If the gateway is not part of the first slice, restrict the initial scope to
native `boocode` parity and keep `opencode` local-model parity as a follow-up.
## 8. Picker UX
Both BooChat and BooCoder should converge on the same behavior:
- Favorites section first
- Then one section per provider
- Favorite toggle on every model row
- A favorited model remains visible in its provider section
- Provider order defaults to:
1. `sam-desktop`
2. `embedding`
3. `deepseek` when configured
This batch does not require search. Search can be added later if model counts
make the grouped list insufficient.
## 9. Rollout and compatibility
1. Land registry/parsing utilities first.
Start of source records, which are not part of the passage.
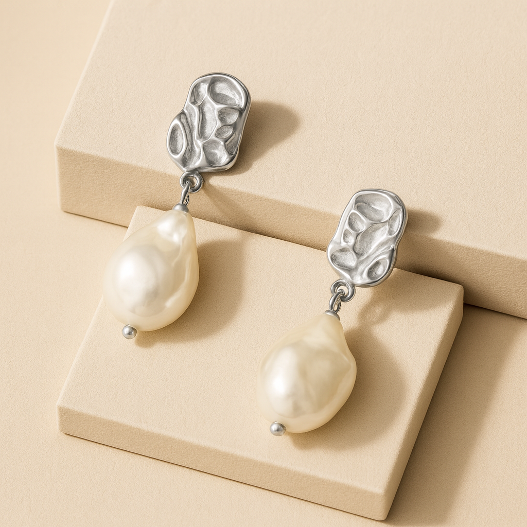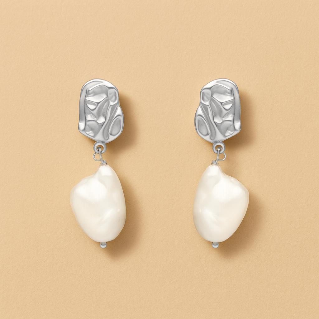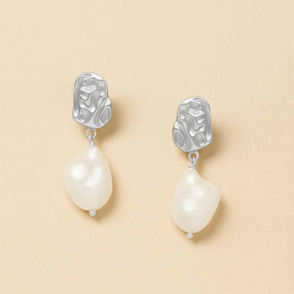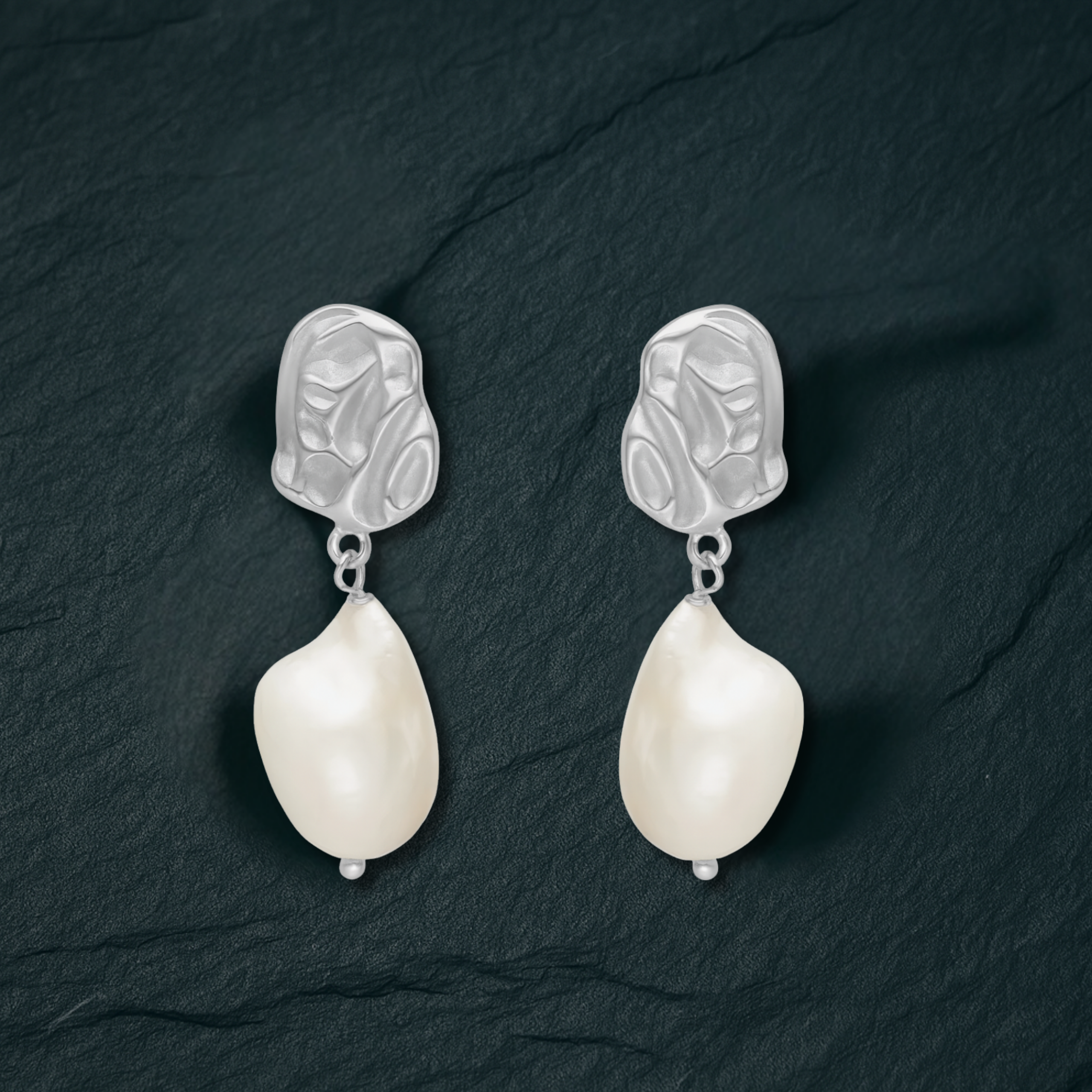 Perlenohrringe Silber „Ozeanpoesie” – Ohrringe mit warmem Meeresschimmer
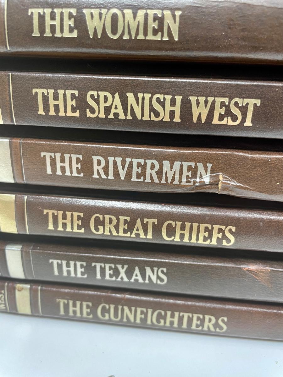 Vintage collection of books that chronicles the west and those who were a part of it. Does not include the Master Index. Titles include: The Gamblers, The Gunfighters, The Loggers, The Great Chiefs, and many more. Outstanding collection of photographs, maps and drawings. Printed between 1973 and 1980. Set is in excellent condition, except for 1 volume (The Rivermen, see photos) that has a ding in the spine, but this did not otherwise affect the book. Note: we will ship via media mail if requested, but the full set weighs over 55 pounds so it could be pricy depending on the distance.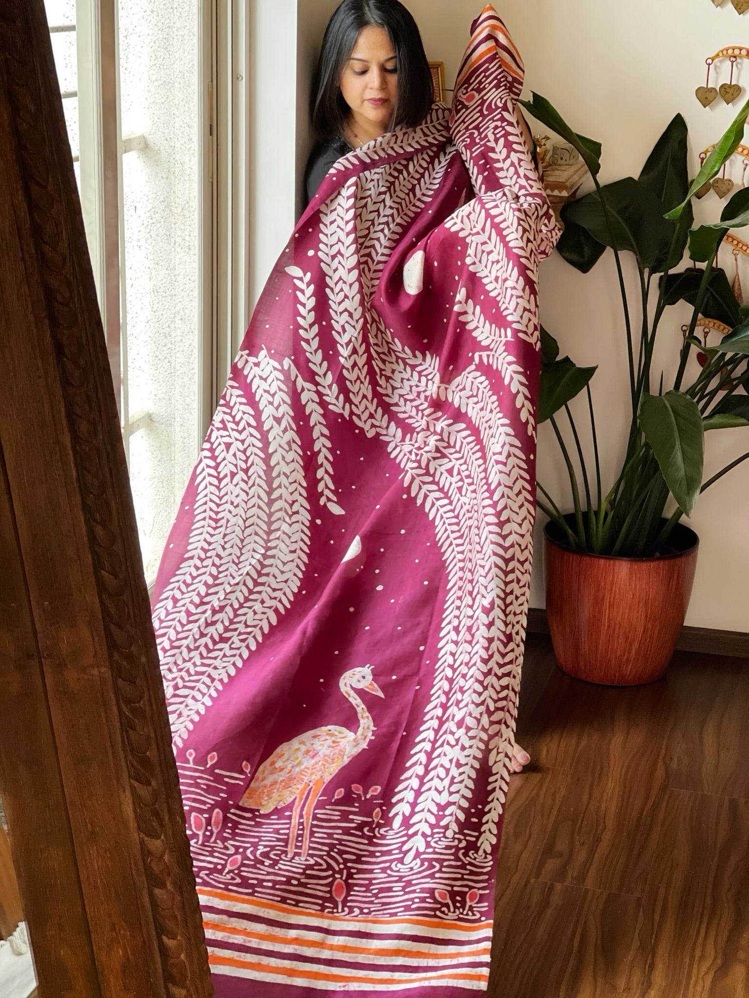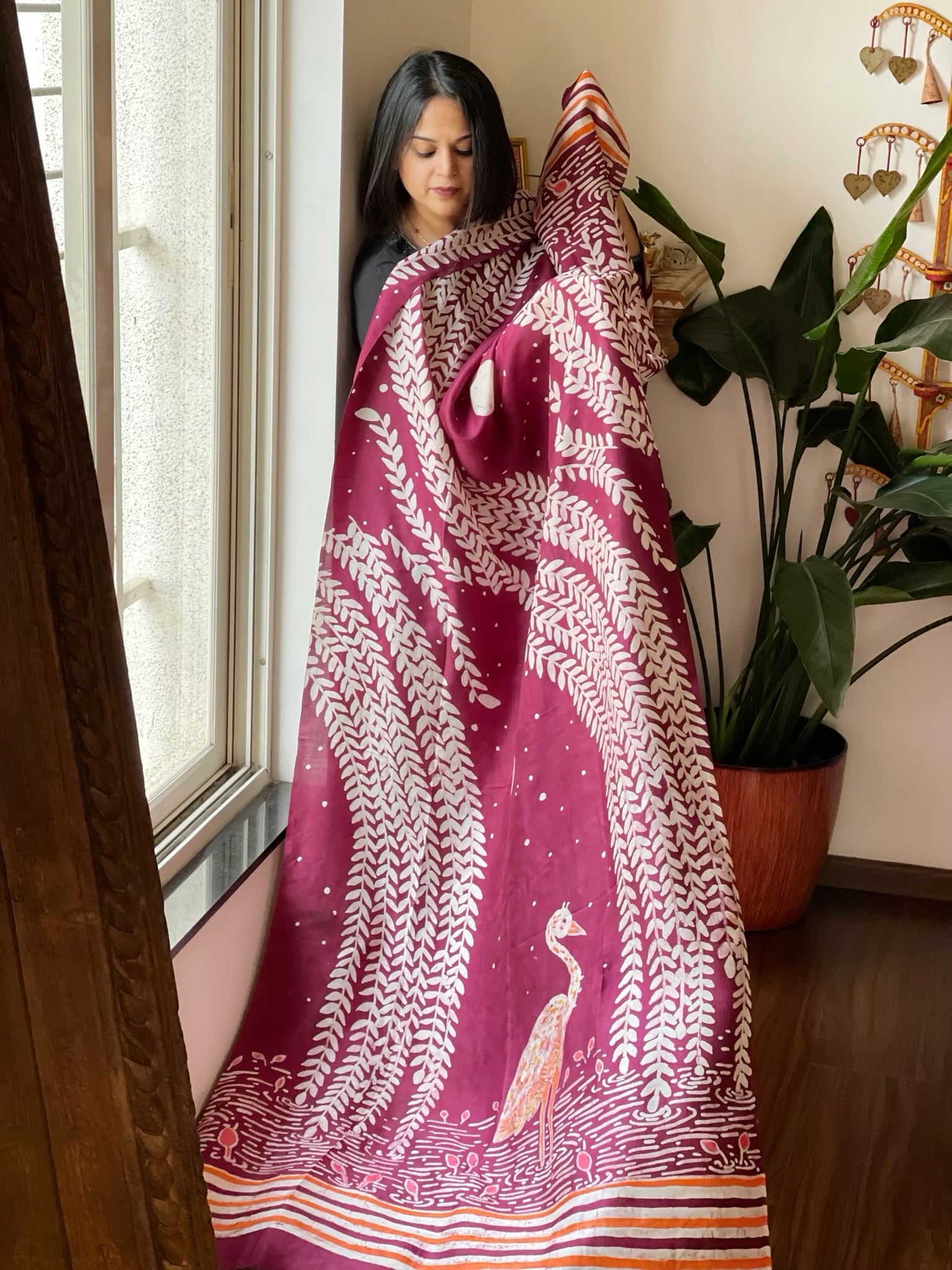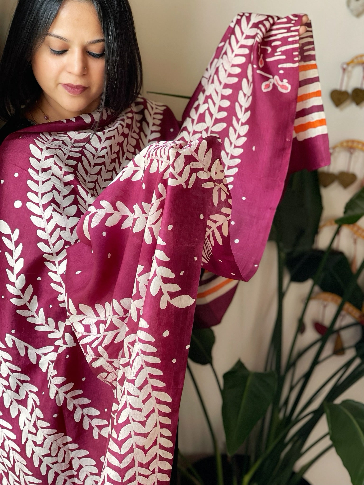 Handpainted & Batik Hand Dyed Dupatta in Handwoven Mul Silk

2. Switch server routing and model catalog to composite IDs.
3. Add favorite persistence and picker grouping.
4. Update native BooCoder (`boocode`) model handling and arena.
5. Decide the `opencode` parity path: gateway now, or explicit follow-up.
6. Verify legacy bare IDs across existing chats and sessions before removing
any old env-based assumptions.
Compatibility requirements:
- Missing `/data/llama-providers.json` cannot break startup.
- Existing DB rows with bare IDs must remain routable.
- Existing `DEFAULT_MODEL` can stay bare during transition, but new writes
should become composite.
## 10. Deferred items
- Picker search/filtering
- Manual favorite ordering beyond insertion order
- Host health badges in the picker
- Automatic normalization of old session/chat model values
- Full `opencode` multi-provider parity if the first slice ships native-only
- Any boocontrol fleet UI built on top of this registry